··· DATA SUPPLIED ···
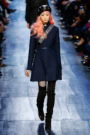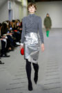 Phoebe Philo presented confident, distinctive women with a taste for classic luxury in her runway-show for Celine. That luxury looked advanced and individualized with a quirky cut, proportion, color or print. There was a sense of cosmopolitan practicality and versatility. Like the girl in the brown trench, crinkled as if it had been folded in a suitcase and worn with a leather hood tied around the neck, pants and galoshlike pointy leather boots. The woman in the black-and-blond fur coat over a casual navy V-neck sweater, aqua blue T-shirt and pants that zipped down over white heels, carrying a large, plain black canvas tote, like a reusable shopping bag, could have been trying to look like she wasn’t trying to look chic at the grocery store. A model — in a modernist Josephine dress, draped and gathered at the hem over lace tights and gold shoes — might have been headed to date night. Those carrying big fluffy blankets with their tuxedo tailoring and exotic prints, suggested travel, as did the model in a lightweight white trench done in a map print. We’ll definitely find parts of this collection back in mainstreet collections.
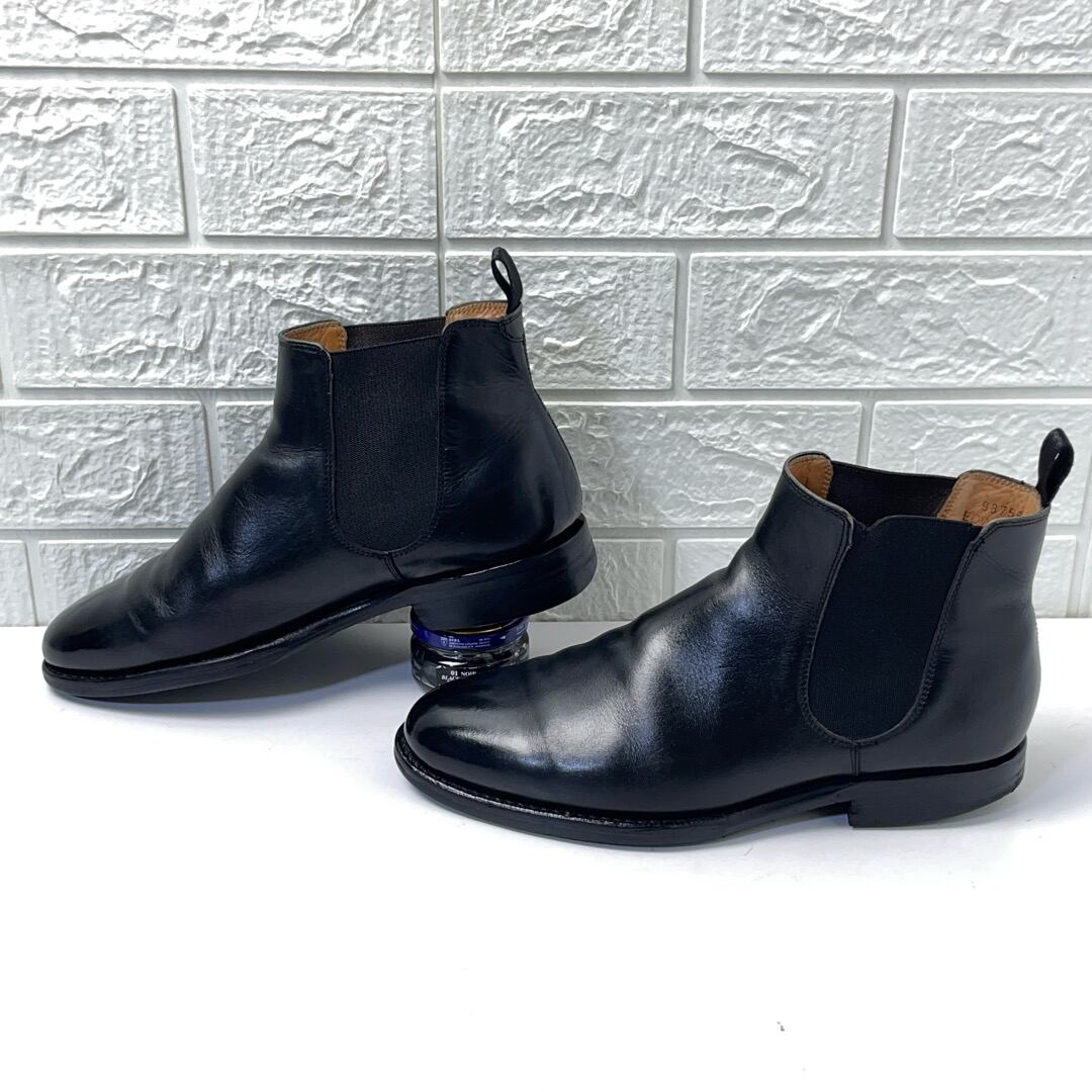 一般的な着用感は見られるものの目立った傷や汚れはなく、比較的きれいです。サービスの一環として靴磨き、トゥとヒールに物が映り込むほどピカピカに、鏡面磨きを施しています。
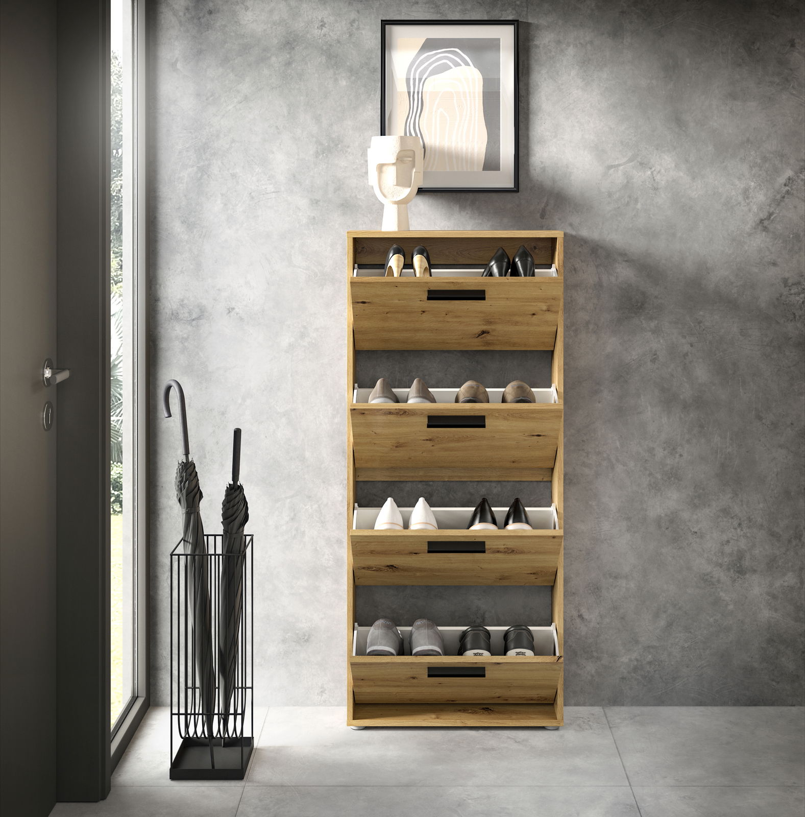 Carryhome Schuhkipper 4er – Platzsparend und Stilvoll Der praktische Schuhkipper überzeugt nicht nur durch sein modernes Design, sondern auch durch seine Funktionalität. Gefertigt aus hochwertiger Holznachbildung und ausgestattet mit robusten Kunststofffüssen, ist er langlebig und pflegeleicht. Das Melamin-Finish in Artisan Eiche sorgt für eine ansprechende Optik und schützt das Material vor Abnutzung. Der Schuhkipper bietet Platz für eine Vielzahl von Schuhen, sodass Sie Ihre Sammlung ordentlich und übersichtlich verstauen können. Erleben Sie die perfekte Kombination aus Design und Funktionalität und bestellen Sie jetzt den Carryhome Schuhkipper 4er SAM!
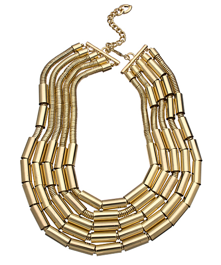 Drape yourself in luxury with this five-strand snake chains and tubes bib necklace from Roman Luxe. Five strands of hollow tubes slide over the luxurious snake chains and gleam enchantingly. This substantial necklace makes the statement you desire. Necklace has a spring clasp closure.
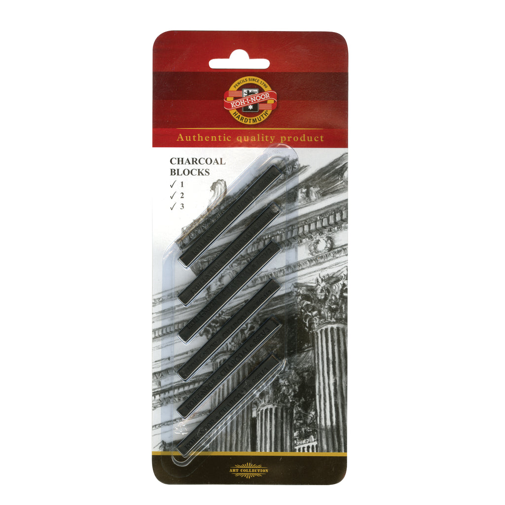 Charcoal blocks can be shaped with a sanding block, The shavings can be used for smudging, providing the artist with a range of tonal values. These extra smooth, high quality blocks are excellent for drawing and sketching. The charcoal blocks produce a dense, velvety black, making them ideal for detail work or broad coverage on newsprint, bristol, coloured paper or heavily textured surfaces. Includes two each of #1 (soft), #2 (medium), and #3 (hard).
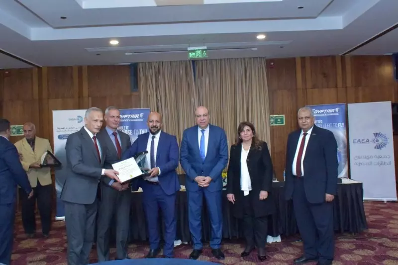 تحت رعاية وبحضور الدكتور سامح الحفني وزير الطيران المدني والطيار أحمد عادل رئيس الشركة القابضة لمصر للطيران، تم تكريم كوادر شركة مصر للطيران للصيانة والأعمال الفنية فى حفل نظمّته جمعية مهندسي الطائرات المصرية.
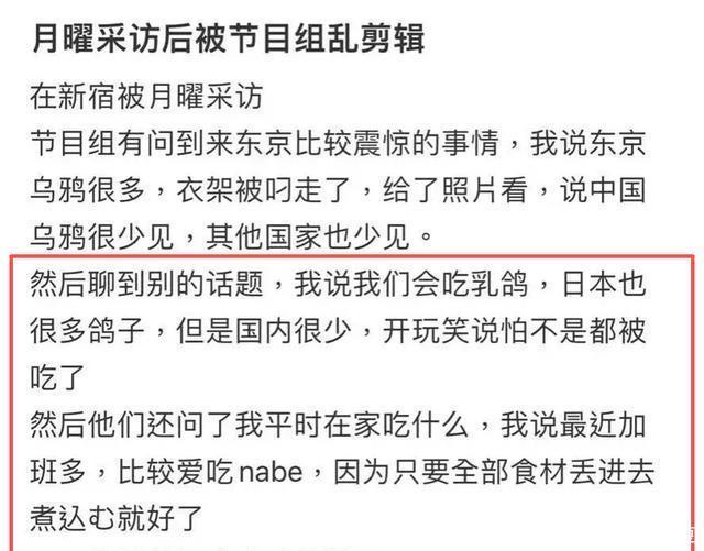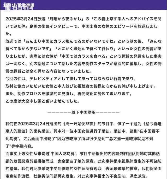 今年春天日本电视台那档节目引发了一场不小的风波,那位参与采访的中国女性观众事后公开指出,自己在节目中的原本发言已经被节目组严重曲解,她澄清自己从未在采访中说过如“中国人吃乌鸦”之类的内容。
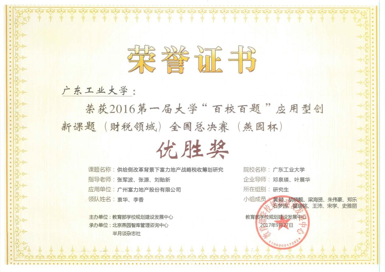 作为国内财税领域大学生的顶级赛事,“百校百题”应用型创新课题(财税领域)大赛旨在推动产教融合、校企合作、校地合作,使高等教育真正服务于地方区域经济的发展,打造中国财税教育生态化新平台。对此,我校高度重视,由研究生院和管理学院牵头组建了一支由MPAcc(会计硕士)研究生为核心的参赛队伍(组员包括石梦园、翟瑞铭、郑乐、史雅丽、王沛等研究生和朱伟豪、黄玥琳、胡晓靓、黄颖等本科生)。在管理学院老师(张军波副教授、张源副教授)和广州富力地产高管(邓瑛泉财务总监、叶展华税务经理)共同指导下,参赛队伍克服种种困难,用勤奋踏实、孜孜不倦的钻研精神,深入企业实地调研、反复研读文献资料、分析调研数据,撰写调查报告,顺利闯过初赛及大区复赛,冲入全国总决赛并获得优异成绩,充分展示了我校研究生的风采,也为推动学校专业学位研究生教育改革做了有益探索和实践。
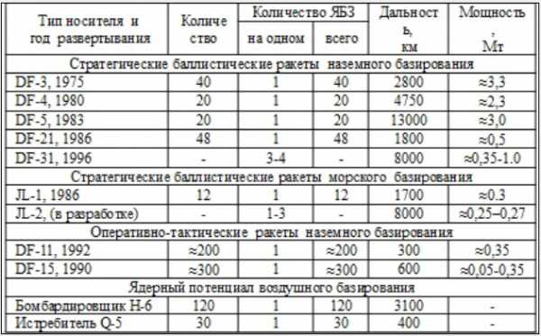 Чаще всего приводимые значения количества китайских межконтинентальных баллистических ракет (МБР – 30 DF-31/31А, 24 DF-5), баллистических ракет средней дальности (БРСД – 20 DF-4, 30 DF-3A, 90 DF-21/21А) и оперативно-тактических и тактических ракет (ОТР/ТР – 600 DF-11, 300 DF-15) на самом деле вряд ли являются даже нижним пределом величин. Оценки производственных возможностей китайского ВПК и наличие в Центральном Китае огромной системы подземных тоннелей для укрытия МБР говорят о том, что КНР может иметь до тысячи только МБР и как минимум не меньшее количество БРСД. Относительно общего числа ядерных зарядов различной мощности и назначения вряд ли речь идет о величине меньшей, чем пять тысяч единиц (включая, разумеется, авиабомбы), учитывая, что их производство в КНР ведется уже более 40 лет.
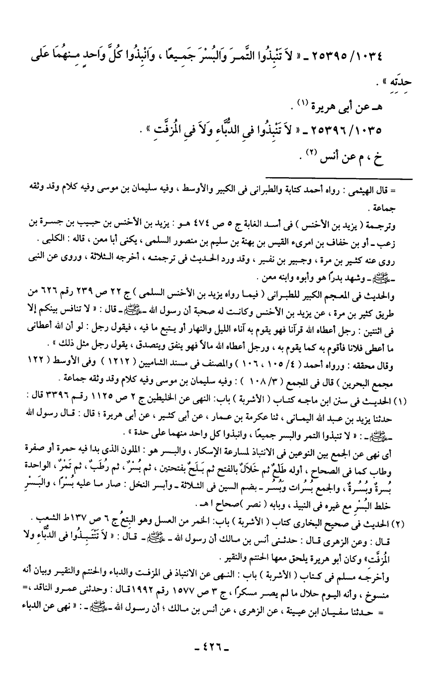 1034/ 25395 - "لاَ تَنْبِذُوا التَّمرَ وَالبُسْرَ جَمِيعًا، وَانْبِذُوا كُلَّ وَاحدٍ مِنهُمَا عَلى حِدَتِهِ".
···
◆ YOUR OBJECTIVE:
Restate it all word for word: every record, no pictures.

◆ RESULT OF THE TASK:
 Phoebe Philo presented confident, distinctive women with a taste for classic luxury in her runway-show for Celine. That luxury looked advanced and individualized with a quirky cut, proportion, color or print. There was a sense of cosmopolitan practicality and versatility. Like the girl in the brown trench, crinkled as if it had been folded in a suitcase and worn with a leather hood tied around the neck, pants and galoshlike pointy leather boots. The woman in the black-and-blond fur coat over a casual navy V-neck sweater, aqua blue T-shirt and pants that zipped down over white heels, carrying a large, plain black canvas tote, like a reusable shopping bag, could have been trying to look like she wasn’t trying to look chic at the grocery store. A model — in a modernist Josephine dress, draped and gathered at the hem over lace tights and gold shoes — might have been headed to date night. Those carrying big fluffy blankets with their tuxedo tailoring and exotic prints, suggested travel, as did the model in a lightweight white trench done in a map print. We’ll definitely find parts of this collection back in mainstreet collections.
 一般的な着用感は見られるものの目立った傷や汚れはなく、比較的きれいです。サービスの一環として靴磨き、トゥとヒールに物が映り込むほどピカピカに、鏡面磨きを施しています。
 Carryhome Schuhkipper 4er – Platzsparend und Stilvoll Der praktische Schuhkipper überzeugt nicht nur durch sein modernes Design, sondern auch durch seine Funktionalität. Gefertigt aus hochwertiger Holznachbildung und ausgestattet mit robusten Kunststofffüssen, ist er langlebig und pflegeleicht. Das Melamin-Finish in Artisan Eiche sorgt für eine ansprechende Optik und schützt das Material vor Abnutzung. Der Schuhkipper bietet Platz für eine Vielzahl von Schuhen, sodass Sie Ihre Sammlung ordentlich und übersichtlich verstauen können. Erleben Sie die perfekte Kombination aus Design und Funktionalität und bestellen Sie jetzt den Carryhome Schuhkipper 4er SAM!
 Drape yourself in luxury with this five-strand snake chains and tubes bib necklace from Roman Luxe. Five strands of hollow tubes slide over the luxurious snake chains and gleam enchantingly. This substantial necklace makes the statement you desire. Necklace has a spring clasp closure.
 Charcoal blocks can be shaped with a sanding block, The shavings can be used for smudging, providing the artist with a range of tonal values. These extra smooth, high quality blocks are excellent for drawing and sketching. The charcoal blocks produce a dense, velvety black, making them ideal for detail work or broad coverage on newsprint, bristol, coloured paper or heavily textured surfaces. Includes two each of #1 (soft), #2 (medium), and #3 (hard).
 تحت رعاية وبحضور الدكتور سامح الحفني وزير الطيران المدني والطيار أحمد عادل رئيس الشركة القابضة لمصر للطيران، تم تكريم كوادر شركة مصر للطيران للصيانة والأعمال الفنية فى حفل نظمّته جمعية مهندسي الطائرات المصرية.
 今年春天日本电视台那档节目引发了一场不小的风波,那位参与采访的中国女性观众事后公开指出,自己在节目中的原本发言已经被节目组严重曲解,她澄清自己从未在采访中说过如“中国人吃乌鸦”之类的内容。
 作为国内财税领域大学生的顶级赛事,“百校百题”应用型创新课题(财税领域)大赛旨在推动产教融合、校企合作、校地合作,使高等教育真正服务于地方区域经济的发展,打造中国财税教育生态化新平台。对此,我校高度重视,由研究生院和管理学院牵头组建了一支由MPAcc(会计硕士)研究生为核心的参赛队伍(组员包括石梦园、翟瑞铭、郑乐、史雅丽、王沛等研究生和朱伟豪、黄玥琳、胡晓靓、黄颖等本科生)。在管理学院老师(张军波副教授、张源副教授)和广州富力地产高管(邓瑛泉财务总监、叶展华税务经理)共同指导下,参赛队伍克服种种困难,用勤奋踏实、孜孜不倦的钻研精神,深入企业实地调研、反复研读文献资料、分析调研数据,撰写调查报告,顺利闯过初赛及大区复赛,冲入全国总决赛并获得优异成绩,充分展示了我校研究生的风采,也为推动学校专业学位研究生教育改革做了有益探索和实践。
 Чаще всего приводимые значения количества китайских межконтинентальных баллистических ракет (МБР – 30 DF-31/31А, 24 DF-5), баллистических ракет средней дальности (БРСД – 20 DF-4, 30 DF-3A, 90 DF-21/21А) и оперативно-тактических и тактических ракет (ОТР/ТР – 600 DF-11, 300 DF-15) на самом деле вряд ли являются даже нижним пределом величин. Оценки производственных возможностей китайского ВПК и наличие в Центральном Китае огромной системы подземных тоннелей для укрытия МБР говорят о том, что КНР может иметь до тысячи только МБР и как минимум не меньшее количество БРСД. Относительно общего числа ядерных зарядов различной мощности и назначения вряд ли речь идет о величине меньшей, чем пять тысяч единиц (включая, разумеется, авиабомбы), учитывая, что их производство в КНР ведется уже более 40 лет.
 1034/ 25395 - "لاَ تَنْبِذُوا التَّمرَ وَالبُسْرَ جَمِيعًا، وَانْبِذُوا كُلَّ وَاحدٍ مِنهُمَا عَلى حِدَتِهِ".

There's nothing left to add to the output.